RECORDS SUPPLIED —
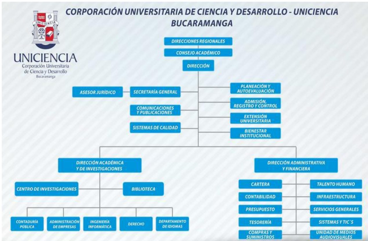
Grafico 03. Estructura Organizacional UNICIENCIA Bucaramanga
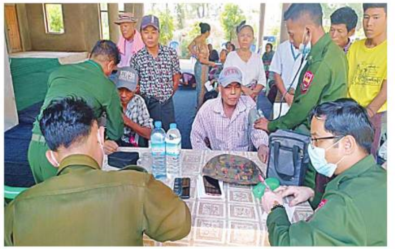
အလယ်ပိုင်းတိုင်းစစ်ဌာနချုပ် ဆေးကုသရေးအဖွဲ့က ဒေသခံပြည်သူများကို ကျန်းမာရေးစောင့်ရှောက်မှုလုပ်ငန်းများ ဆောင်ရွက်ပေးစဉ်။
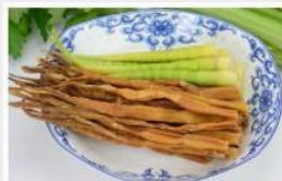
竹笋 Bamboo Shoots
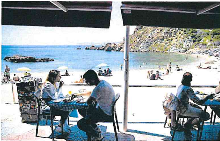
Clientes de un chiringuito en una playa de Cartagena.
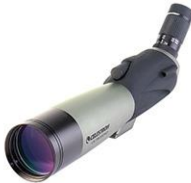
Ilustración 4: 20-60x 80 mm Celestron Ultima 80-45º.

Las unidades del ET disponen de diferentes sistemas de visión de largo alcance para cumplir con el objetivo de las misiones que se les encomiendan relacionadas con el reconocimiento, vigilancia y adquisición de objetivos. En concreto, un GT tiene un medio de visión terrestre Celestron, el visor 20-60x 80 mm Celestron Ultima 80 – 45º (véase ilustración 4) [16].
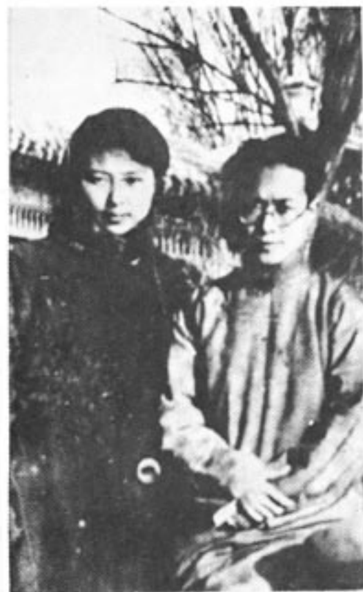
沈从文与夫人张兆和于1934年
* * *
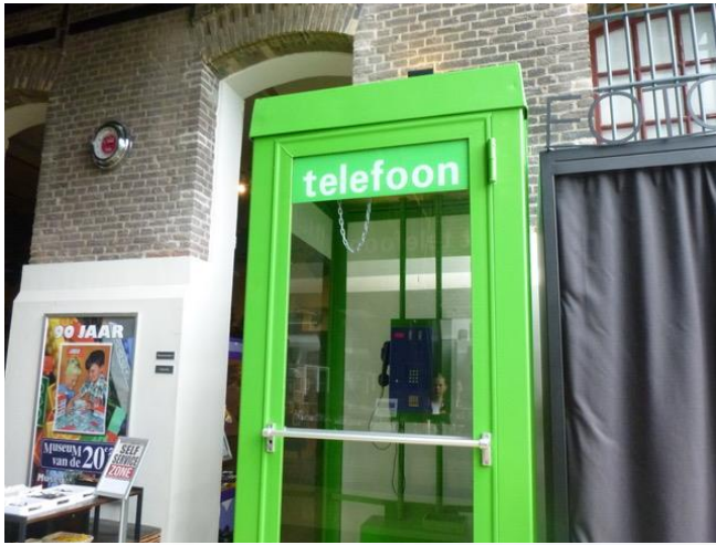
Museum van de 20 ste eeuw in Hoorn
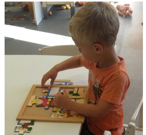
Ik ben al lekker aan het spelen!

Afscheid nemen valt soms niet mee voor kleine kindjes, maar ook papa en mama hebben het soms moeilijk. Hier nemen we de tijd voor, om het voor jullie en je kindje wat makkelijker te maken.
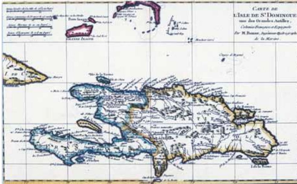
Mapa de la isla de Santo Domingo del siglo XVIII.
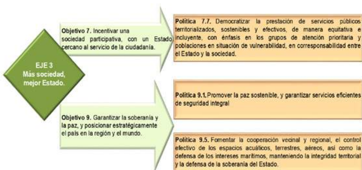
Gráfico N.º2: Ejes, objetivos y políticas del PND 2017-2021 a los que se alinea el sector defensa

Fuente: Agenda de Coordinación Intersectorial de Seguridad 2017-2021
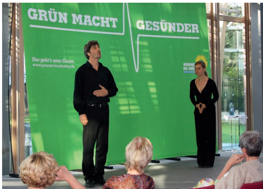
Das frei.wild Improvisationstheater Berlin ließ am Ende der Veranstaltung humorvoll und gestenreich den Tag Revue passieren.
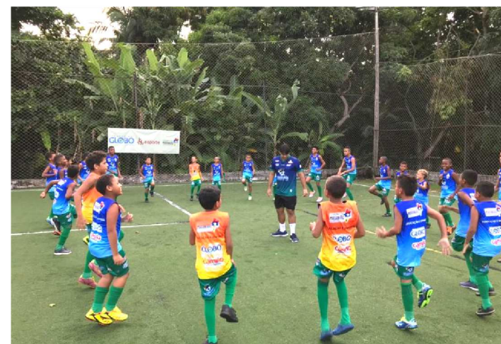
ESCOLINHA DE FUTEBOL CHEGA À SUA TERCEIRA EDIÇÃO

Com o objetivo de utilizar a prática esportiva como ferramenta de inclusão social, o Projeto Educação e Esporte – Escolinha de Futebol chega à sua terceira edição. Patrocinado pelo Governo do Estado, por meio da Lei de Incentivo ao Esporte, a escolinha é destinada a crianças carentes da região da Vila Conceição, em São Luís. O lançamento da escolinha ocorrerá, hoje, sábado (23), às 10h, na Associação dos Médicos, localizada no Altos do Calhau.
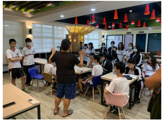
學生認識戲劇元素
...
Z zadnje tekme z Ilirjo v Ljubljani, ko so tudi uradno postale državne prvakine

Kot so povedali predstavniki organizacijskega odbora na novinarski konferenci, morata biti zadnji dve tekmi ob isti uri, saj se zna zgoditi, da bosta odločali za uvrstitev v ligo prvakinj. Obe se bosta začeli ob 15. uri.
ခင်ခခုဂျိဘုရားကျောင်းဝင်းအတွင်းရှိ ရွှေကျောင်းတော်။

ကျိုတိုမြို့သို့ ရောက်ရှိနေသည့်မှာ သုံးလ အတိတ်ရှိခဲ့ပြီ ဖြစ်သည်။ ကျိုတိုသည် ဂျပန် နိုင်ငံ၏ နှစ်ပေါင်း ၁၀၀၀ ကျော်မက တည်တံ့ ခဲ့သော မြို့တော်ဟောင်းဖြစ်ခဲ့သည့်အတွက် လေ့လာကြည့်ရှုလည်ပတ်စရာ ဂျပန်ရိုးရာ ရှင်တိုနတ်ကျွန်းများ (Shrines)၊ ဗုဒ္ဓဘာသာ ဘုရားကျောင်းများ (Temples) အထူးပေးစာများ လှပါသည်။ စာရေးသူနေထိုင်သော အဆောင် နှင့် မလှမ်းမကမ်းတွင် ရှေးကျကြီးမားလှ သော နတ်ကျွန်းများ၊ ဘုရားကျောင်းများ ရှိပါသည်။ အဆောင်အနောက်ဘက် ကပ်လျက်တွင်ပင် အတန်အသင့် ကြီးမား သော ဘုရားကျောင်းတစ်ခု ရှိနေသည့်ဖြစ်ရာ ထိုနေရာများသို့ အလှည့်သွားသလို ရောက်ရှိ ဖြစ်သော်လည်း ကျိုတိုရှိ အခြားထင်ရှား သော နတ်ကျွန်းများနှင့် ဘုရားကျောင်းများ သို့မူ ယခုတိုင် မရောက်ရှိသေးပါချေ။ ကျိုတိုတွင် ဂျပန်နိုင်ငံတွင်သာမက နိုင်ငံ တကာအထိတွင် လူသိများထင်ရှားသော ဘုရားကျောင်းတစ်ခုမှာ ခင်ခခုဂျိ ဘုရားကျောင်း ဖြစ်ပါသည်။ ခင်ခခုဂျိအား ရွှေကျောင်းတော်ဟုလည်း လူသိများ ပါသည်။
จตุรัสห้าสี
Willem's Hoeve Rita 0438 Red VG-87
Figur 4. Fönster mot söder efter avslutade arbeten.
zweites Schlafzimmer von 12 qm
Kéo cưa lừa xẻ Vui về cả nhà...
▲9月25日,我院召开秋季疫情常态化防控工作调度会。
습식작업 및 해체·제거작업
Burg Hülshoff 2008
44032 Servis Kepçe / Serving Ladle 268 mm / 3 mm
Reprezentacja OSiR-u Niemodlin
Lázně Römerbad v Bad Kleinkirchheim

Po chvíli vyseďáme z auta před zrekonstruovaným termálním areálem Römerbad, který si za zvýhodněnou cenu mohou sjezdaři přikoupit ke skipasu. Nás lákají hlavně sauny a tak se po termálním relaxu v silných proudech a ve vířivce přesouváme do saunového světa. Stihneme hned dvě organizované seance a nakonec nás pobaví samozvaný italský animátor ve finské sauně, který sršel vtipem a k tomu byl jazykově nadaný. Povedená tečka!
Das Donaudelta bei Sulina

EXERCISE DIRECTIONS —
Repeat the entries above verbatim, but only from the line that has "Reprezentacja OSiR-u Niemodlin" down to the line that has "Das Donaudelta bei Sulina", inclusive.

PROBLEM SOLUTION —
Reprezentacja OSiR-u Niemodlin
Lázně Römerbad v Bad Kleinkirchheim

Po chvíli vyseďáme z auta před zrekonstruovaným termálním areálem Römerbad, který si za zvýhodněnou cenu mohou sjezdaři přikoupit ke skipasu. Nás lákají hlavně sauny a tak se po termálním relaxu v silných proudech a ve vířivce přesouváme do saunového světa. Stihneme hned dvě organizované seance a nakonec nás pobaví samozvaný italský animátor ve finské sauně, který sršel vtipem a k tomu byl jazykově nadaný. Povedená tečka!
Das Donaudelta bei Sulina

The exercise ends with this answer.